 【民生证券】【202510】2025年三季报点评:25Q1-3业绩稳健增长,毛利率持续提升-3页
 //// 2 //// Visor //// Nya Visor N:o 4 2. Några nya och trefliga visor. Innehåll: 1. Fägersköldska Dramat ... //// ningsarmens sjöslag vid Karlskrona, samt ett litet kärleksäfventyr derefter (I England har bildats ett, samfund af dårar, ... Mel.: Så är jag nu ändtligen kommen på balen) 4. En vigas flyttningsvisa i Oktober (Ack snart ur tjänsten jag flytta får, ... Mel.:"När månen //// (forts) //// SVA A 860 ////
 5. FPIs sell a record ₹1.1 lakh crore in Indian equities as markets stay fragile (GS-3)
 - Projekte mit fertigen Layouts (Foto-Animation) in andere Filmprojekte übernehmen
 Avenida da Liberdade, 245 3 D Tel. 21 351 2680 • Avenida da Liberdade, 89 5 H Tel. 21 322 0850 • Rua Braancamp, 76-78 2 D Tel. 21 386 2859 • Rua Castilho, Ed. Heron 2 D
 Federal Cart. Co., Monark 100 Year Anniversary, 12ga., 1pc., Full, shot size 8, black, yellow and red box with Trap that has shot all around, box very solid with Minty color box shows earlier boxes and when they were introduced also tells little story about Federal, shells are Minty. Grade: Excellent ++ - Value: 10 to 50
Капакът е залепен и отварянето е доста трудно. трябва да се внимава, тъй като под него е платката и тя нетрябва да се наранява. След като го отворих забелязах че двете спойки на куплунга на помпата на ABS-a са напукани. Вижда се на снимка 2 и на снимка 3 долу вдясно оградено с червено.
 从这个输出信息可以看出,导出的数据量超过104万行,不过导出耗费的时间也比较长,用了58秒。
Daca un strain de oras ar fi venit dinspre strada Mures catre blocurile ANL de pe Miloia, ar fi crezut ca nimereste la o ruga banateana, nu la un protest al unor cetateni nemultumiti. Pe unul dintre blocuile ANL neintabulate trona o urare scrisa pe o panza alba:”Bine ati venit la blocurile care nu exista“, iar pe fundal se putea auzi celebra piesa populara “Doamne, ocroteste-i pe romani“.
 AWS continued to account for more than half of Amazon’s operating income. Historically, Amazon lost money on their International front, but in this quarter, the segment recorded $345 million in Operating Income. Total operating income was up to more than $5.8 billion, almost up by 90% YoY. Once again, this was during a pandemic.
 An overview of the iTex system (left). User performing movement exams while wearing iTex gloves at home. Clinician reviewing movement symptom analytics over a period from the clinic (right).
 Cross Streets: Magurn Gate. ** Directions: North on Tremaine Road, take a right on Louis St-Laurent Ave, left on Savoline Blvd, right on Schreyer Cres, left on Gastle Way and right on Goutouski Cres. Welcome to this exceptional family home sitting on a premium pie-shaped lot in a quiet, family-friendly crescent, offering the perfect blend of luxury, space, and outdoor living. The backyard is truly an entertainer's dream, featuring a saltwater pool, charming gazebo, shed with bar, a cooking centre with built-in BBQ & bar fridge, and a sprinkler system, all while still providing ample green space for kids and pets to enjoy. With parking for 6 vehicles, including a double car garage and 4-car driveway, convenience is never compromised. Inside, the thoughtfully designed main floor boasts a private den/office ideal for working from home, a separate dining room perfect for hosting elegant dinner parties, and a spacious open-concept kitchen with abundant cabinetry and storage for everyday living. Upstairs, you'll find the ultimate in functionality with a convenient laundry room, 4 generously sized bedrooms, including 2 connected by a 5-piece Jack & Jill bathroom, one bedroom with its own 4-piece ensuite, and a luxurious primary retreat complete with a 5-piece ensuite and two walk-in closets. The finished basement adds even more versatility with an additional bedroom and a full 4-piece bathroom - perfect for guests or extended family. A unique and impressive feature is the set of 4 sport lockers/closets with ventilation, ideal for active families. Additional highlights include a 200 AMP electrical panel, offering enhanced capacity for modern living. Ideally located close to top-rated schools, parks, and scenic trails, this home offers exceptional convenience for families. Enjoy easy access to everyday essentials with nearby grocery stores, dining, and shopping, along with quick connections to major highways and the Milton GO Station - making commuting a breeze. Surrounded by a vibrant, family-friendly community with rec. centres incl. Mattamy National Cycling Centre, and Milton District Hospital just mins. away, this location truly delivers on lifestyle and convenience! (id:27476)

================

Line by line, transcribe the data exactly.

 【民生证券】【202510】2025年三季报点评:25Q1-3业绩稳健增长,毛利率持续提升-3页
 //// 2 //// Visor //// Nya Visor N:o 4 2. Några nya och trefliga visor. Innehåll: 1. Fägersköldska Dramat ... //// ningsarmens sjöslag vid Karlskrona, samt ett litet kärleksäfventyr derefter (I England har bildats ett, samfund af dårar, ... Mel.: Så är jag nu ändtligen kommen på balen) 4. En vigas flyttningsvisa i Oktober (Ack snart ur tjänsten jag flytta får, ... Mel.:"När månen //// (forts) //// SVA A 860 ////
 5. FPIs sell a record ₹1.1 lakh crore in Indian equities as markets stay fragile (GS-3)
 - Projekte mit fertigen Layouts (Foto-Animation) in andere Filmprojekte übernehmen
 Avenida da Liberdade, 245 3 D Tel. 21 351 2680 • Avenida da Liberdade, 89 5 H Tel. 21 322 0850 • Rua Braancamp, 76-78 2 D Tel. 21 386 2859 • Rua Castilho, Ed. Heron 2 D
 Federal Cart. Co., Monark 100 Year Anniversary, 12ga., 1pc., Full, shot size 8, black, yellow and red box with Trap that has shot all around, box very solid with Minty color box shows earlier boxes and when they were introduced also tells little story about Federal, shells are Minty. Grade: Excellent ++ - Value: 10 to 50
Капакът е залепен и отварянето е доста трудно. трябва да се внимава, тъй като под него е платката и тя нетрябва да се наранява. След като го отворих забелязах че двете спойки на куплунга на помпата на ABS-a са напукани. Вижда се на снимка 2 и на снимка 3 долу вдясно оградено с червено.
 从这个输出信息可以看出,导出的数据量超过104万行,不过导出耗费的时间也比较长,用了58秒。
Daca un strain de oras ar fi venit dinspre strada Mures catre blocurile ANL de pe Miloia, ar fi crezut ca nimereste la o ruga banateana, nu la un protest al unor cetateni nemultumiti. Pe unul dintre blocuile ANL neintabulate trona o urare scrisa pe o panza alba:”Bine ati venit la blocurile care nu exista“, iar pe fundal se putea auzi celebra piesa populara “Doamne, ocroteste-i pe romani“.
 AWS continued to account for more than half of Amazon’s operating income. Historically, Amazon lost money on their International front, but in this quarter, the segment recorded $345 million in Operating Income. Total operating income was up to more than $5.8 billion, almost up by 90% YoY. Once again, this was during a pandemic.
 An overview of the iTex system (left). User performing movement exams while wearing iTex gloves at home. Clinician reviewing movement symptom analytics over a period from the clinic (right).
 Cross Streets: Magurn Gate. ** Directions: North on Tremaine Road, take a right on Louis St-Laurent Ave, left on Savoline Blvd, right on Schreyer Cres, left on Gastle Way and right on Goutouski Cres. Welcome to this exceptional family home sitting on a premium pie-shaped lot in a quiet, family-friendly crescent, offering the perfect blend of luxury, space, and outdoor living. The backyard is truly an entertainer's dream, featuring a saltwater pool, charming gazebo, shed with bar, a cooking centre with built-in BBQ & bar fridge, and a sprinkler system, all while still providing ample green space for kids and pets to enjoy. With parking for 6 vehicles, including a double car garage and 4-car driveway, convenience is never compromised. Inside, the thoughtfully designed main floor boasts a private den/office ideal for working from home, a separate dining room perfect for hosting elegant dinner parties, and a spacious open-concept kitchen with abundant cabinetry and storage for everyday living. Upstairs, you'll find the ultimate in functionality with a convenient laundry room, 4 generously sized bedrooms, including 2 connected by a 5-piece Jack & Jill bathroom, one bedroom with its own 4-piece ensuite, and a luxurious primary retreat complete with a 5-piece ensuite and two walk-in closets. The finished basement adds even more versatility with an additional bedroom and a full 4-piece bathroom - perfect for guests or extended family. A unique and impressive feature is the set of 4 sport lockers/closets with ventilation, ideal for active families. Additional highlights include a 200 AMP electrical panel, offering enhanced capacity for modern living. Ideally located close to top-rated schools, parks, and scenic trails, this home offers exceptional convenience for families. Enjoy easy access to everyday essentials with nearby grocery stores, dining, and shopping, along with quick connections to major highways and the Milton GO Station - making commuting a breeze. Surrounded by a vibrant, family-friendly community with rec. centres incl. Mattamy National Cycling Centre, and Milton District Hospital just mins. away, this location truly delivers on lifestyle and convenience! (id:27476)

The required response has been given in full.